Апрель был безумным месяцем, месяцем солнца, дождей и блуждающих облаков. Что-то вроде далекого трепета наполняло воздух, может быть, где-то начиналась весна; но сюда не доходили токи возрождающейся жизни, набухание счастливых северных земель, освобождавшихся от снега, чтобы наслаждаться влюбленным солнцем и зеленью. Холод кончился, дули веселые ветры, но ни трава, ни цветы, ни фиалки не росли на этой почве. Ничто не изменилось в пейзаже: серая глина простиралась вокруг, как всегда; чего-то не хватало самой жизни года; и ощущение этого отсутствия наполняло сердце печалью. Погода стала лучше, и поселок опустел: мужчины весь день были далеко, в невидимых полях. Дети вместе с козами плескались в грязных лужах. Я лениво бродил, одетый в бархатный костюм, или рисовал на открытом воздухе, сидя на террасе. Из домов до меня долетали, чередуясь, голоса женщин и визг поросят; когда женщины их намыливали и мыли, они визжали по своему обыкновению, как дети, раскрасневшиеся от купанья.
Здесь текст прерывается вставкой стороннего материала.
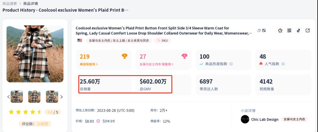 根據介紹,廣州遠峰創始人憑借著深厚的服裝設計經驗和商學院背景,組建了一支經驗豐富的跨境業務團隊,登上TikTok Shop跨境服裝的廣闊舞臺,一路開掛,強勢崛起。該公司推出的一款格子大衣,迅速成為了TikTok上的爆款。截至目前,這款格子大衣總銷量已達到25.48萬,上線一年,總GMV突破600萬美元。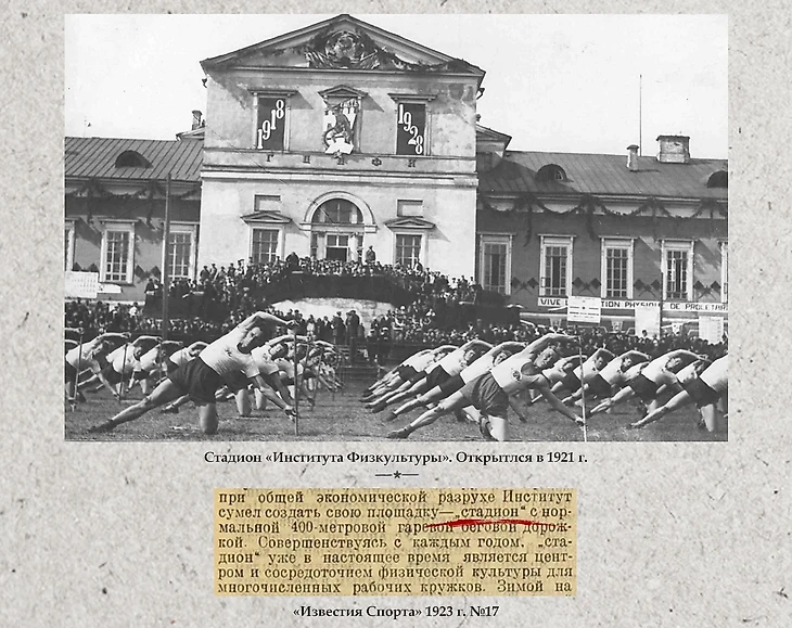 «Достаточно указать на то, что в самое трудное время, при общей экономической разрухе Институт сумел создать свою площадку – «стадион» с нормальной 400-метровой гаревой беговой дорожкой. Совершенствуясь с каждым годом, «стадион» уже в настоящее время является центром и сосредоточением физической культуры для многочисленных рабочих кружков».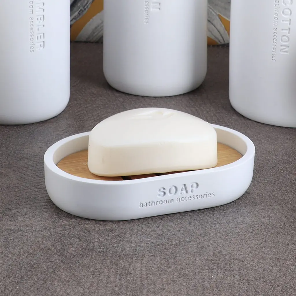 Enhance your bathroom with our Stylish Soap Holder, a combination of style and functionality. This modern soap dish adds a subtle touch of color and sophistication to any bathroom décor. Moreover, the bamboo base makes it durable and natural. Additionally, the compact design of this bar soap holder fits perfectly into any bathroom size, large or small.Furthermore, its polyresin construction ensures long-term durability and moisture resistance. It makes this soap tray an ideal choice for the bathroom environment. Importantly, the smooth surface of this bath accessory is incredibly easy to clean. This polyresin soap dish isn't limited to the bathroom; it's versatile enough to be used in the kitchen, laundry, or guest room, adding a touch of elegance. Additionally, it's perfectly sized to accommodate most standard soap bars, adding practicality to its stylish design. Transform your bathroom into a sanctuary of elegance with our Stylish Soap Holder with Bamboo Base.Imported from France, Made in China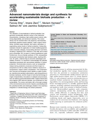 Advanced nanomaterials design and synthesis for accelerating sustainable biofuels production – a review.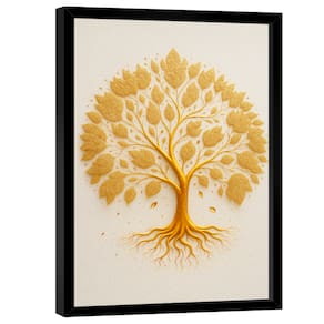 Quadro Decorativo Árvore do Ouro Moldura Dourada - 84x54cm -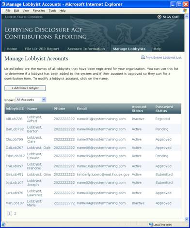 The Manage Lobbyist screen will allow you to view, and print, a list of all the employees that were actively registered to lobby on the registration or reporting forms. You can use this list to verify if your employees have been registered and whether the account has been activated so that they are able to sign in and file their contribution reports.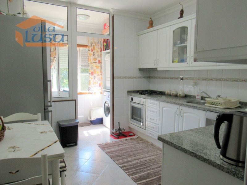 Sala com varanda e salamandra, cozinha com móveis lacados tampo em granito equipada com placa; forno; exaustor; despensa, lavandaria independente.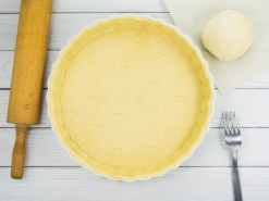 - Forre la cubeta con una de las dos mitades, disponga encima el relleno que vaya a utilizar y cúbralo con la otra mitad.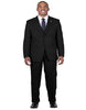 Single Breasted Two Button Peak Lapel VEST: V- Neck, Lining Back PANTS: Single Pleat, Half Lined, Expandable Waist Color: Black SKU#JA4293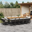 - Material: PE rattan, powder-coated steel, solid acacia wood with an oil finish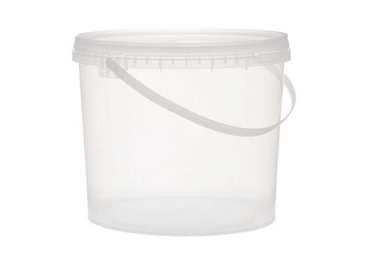 Seau "cristal" transparent en plastique, vendu avec couvercle sécurisé inviolable.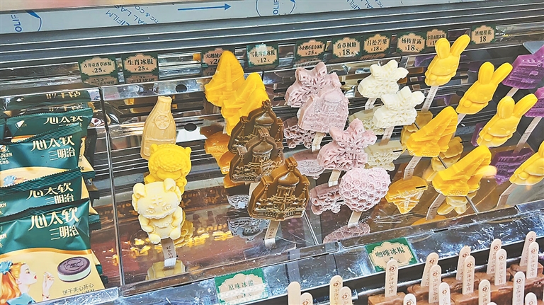 成都来的王女士带着8岁女儿正在挑选文创冰棍,最终选了小兔子造型的。“太可爱了,都舍不得吃。”小女孩举着冰棍迟迟不下嘴。王女士笑着说:“我们昨天刚到哈尔滨,朋友推荐来这儿。没想到冰棍还能做得这么精致,准备发朋友圈‘炫耀’一下。”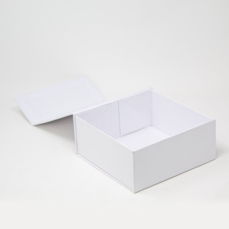 Luxury folding box with magnetic closure, made of 1.8–2 mm rigid cardboard. Available in white, digitally customizable on a lid. Quick assembly thanks to the double-sided adhesive already applied on the internal flaps. Very robust but practical in storage. Available formats listed below. Ideal for gift packaging, premium pastries, cosmetics, jewellery and fine objects.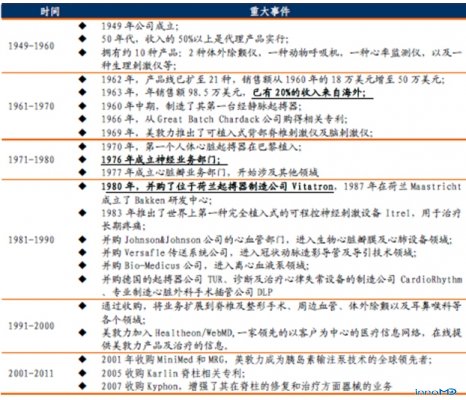 前文所述,醫(yī)療器械企業(yè)的成長(zhǎng)歷史就是一部不斷并購(gòu)的歷史。下面我們通過(guò)國(guó)外和國(guó)內(nèi)兩家最具代表性的企業(yè):美敦力和邁瑞醫(yī)療的發(fā)展過(guò)程,一探醫(yī)療器械行業(yè)的并購(gòu)成長(zhǎng)路線。

Однажды вечером я возвращался домой по знакомым спускам и подъемам улицы между Верхним и Нижним Гальяно, останавливаясь то тут то там, машинально смотря на горы, где мне были знакомы каждое пятно и каждая складка, как на лицах близких людей, которых почти не видишь, потому что очень давно их знаешь. Я смотрел, не задерживая взгляда ни на чем определенном, сквозь серый воздух и ветер, и мне казалось, что я потерял всякое ощущение, вышел за пределы времени, весь окутан морем пассивной вечности, из которого мне уже не выбраться. Я сел на мгновение около источника, у которого в этот момент никого не было, и прислушался, ни о чем не думая, к глухому шуму бушевавшего во мне моря, когда подошла почтальонша, больная, тощая старуха, истерзанная кашлем и лишениями, которая весь день бродила по поселку с мешком писем на голове. Она принесла мне сильно запоздавшую из-за цензуры телеграмму, извещавшую меня о смерти близкого родственника. Я вернулся домой: немного спустя мне сообщили, что квестура, по настоятельной просьбе родных, разрешает мне, при условии хорошей охраны, поехать на несколько дней в мой родной город по важным семейным делам. Я мог уехать на рассвете, чтобы попасть на автобус, идущий в Матеру; туда меня мог сопровождать дон Дженнаро, охранник муниципалитета.